Restate word for word the lines in the listing below, starting at the line containing "PUFFY BUBBLE Antrasit" and ending at the line containing "雅安交建集團云石建材有限公司工程機械裝載機采購項目中選供應(yīng)商公示", both included; leave out the rest.

*** Opening of RECORD EXCERPTS ***

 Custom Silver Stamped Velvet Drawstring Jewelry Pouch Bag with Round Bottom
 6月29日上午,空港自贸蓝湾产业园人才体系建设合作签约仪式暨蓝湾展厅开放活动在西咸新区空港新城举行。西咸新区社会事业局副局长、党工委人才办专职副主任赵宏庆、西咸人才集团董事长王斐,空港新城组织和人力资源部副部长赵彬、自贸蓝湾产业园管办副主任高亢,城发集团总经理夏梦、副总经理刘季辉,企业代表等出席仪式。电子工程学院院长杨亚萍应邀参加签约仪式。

*** Close of RECORD EXCERPTS ***
*** Opening of RECORD EXCERPTS ***

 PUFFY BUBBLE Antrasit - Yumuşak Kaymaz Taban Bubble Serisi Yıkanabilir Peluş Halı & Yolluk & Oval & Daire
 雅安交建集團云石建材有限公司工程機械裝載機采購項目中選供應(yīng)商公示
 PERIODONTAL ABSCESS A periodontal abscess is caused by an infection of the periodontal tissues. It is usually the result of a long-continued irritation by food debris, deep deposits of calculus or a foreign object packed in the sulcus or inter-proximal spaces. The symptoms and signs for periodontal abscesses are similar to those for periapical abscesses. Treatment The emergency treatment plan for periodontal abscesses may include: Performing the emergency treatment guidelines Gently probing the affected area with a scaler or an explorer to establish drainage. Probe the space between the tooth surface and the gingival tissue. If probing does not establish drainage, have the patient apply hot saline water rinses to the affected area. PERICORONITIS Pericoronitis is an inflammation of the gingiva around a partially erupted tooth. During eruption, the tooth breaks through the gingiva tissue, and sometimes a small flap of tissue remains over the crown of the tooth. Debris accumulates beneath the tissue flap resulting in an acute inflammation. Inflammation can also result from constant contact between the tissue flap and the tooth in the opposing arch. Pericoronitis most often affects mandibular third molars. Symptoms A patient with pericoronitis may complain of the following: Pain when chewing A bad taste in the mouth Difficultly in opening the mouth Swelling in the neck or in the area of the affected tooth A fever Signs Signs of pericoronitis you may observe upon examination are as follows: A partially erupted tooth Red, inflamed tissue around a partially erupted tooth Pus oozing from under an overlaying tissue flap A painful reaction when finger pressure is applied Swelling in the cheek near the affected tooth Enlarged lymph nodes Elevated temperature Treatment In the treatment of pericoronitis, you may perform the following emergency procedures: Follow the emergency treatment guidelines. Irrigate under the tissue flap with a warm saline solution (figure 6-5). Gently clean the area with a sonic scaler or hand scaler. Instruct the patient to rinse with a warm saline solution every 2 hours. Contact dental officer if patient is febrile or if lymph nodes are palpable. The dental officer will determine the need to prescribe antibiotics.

*** Close of RECORD EXCERPTS ***
*** Opening of RECORD EXCERPTS ***

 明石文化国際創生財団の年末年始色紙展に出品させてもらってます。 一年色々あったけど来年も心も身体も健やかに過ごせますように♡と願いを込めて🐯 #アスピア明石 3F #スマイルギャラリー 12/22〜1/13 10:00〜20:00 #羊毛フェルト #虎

*** Close of RECORD EXCERPTS ***

— SOLUTION TO THIS PROBLEM —
 PUFFY BUBBLE Antrasit - Yumuşak Kaymaz Taban Bubble Serisi Yıkanabilir Peluş Halı & Yolluk & Oval & Daire
 雅安交建集團云石建材有限公司工程機械裝載機采購項目中選供應(yīng)商公示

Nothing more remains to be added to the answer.